Milan | Allora & Calzadilla
The sound of music, the pure, clear notes of well-trained female voices echoing out through the portal. That – rather than the magnificent 17th-century architecture – was what drew me into Palazzo Cusani last week as I was strolling along Via Brera, right after a perfect lunch at the Emporio Armani Caffé (under the Via Manzoni hotel). The operatic chanting appears to issue from an immense sculpture in the courtyard, an imposing rocky mass of plaster and foam. And only much closer inspection, wandering around it with other mesmerized visitors, reveals tunnels and crawl spaces where the singers lie, performing passages from compelling 20th-century political speeches by, among others, my old friend the Dalai Lama, Martin Luther King, Saddam Hussein and Nikita Krushchev. The installation is called Sediments, Sentiments (Figures of Speech) and, like the 11 others in an utterly compelling exhibition entitled Fault Lines, is by Jennifer Allora and Guillermo Calzadilla.
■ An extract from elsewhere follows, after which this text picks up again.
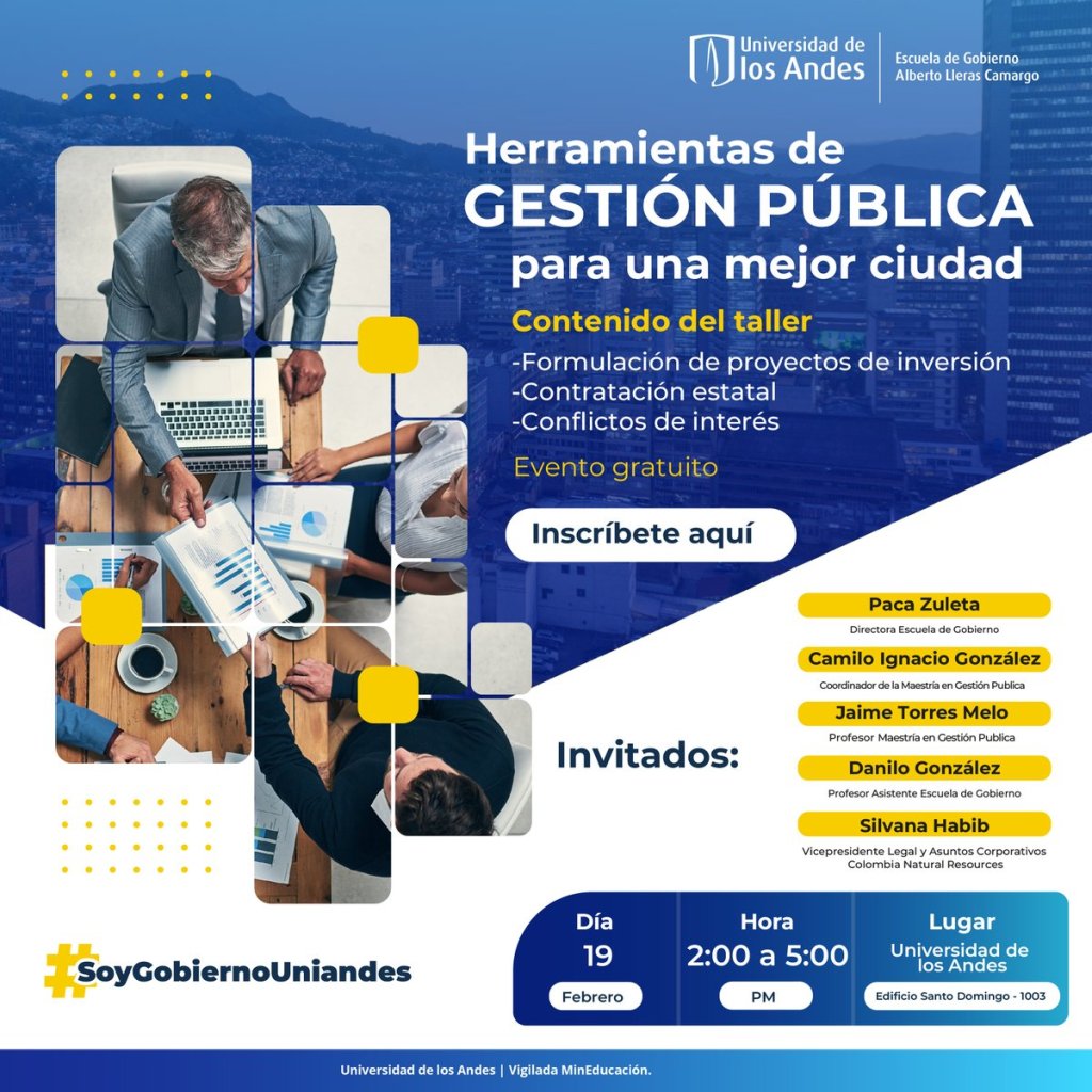 13 febrero, 2024 Juan David Gutiérrez R. Taller: «Herramientas de gestión pública para una mejor ciudad» (19 feb. Universidad de los Andes) Inscripciones: https://evento.uniandes.edu.co/es/herramientasdegestionpublicaparaunamejorciudad Compártelo: Haz clic para compartir en X (Se abre en una ventana nueva) X Haz clic para compartir en Facebook (Se abre en una ventana nueva) Facebook Me gusta Cargando... Relacionado

This is the duo that represented the US at the Venice Biennale in 2011 and counts among the most dynamic and socially engaged artists on the contemporary international scene.
Fault Lines, conceived specially for the Fondazione Nicola Trussardi and this particular palazzo to explore the idea of borders as both physical and symbolic boundaries, is a triumph of images, sculptures, performances, videos and above all sounds. It’s a fascinating, sometimes haunting journey through a series of baroque rooms, their history and the history of our times via, for example (because I can’t resist hinting at at least another couple of them…), the video of a scooter on country roads in Puerto Rico with a trumpet welded to its exhaust pipe providing the soundtrack, or the human revolving door performed by 12 dancers treading the boards in unison. Unmissable. And free. Curated by Massimiliano Gioni, the exhibition’s open from 10 am to 8 pm every day and runs until November 24, 2013.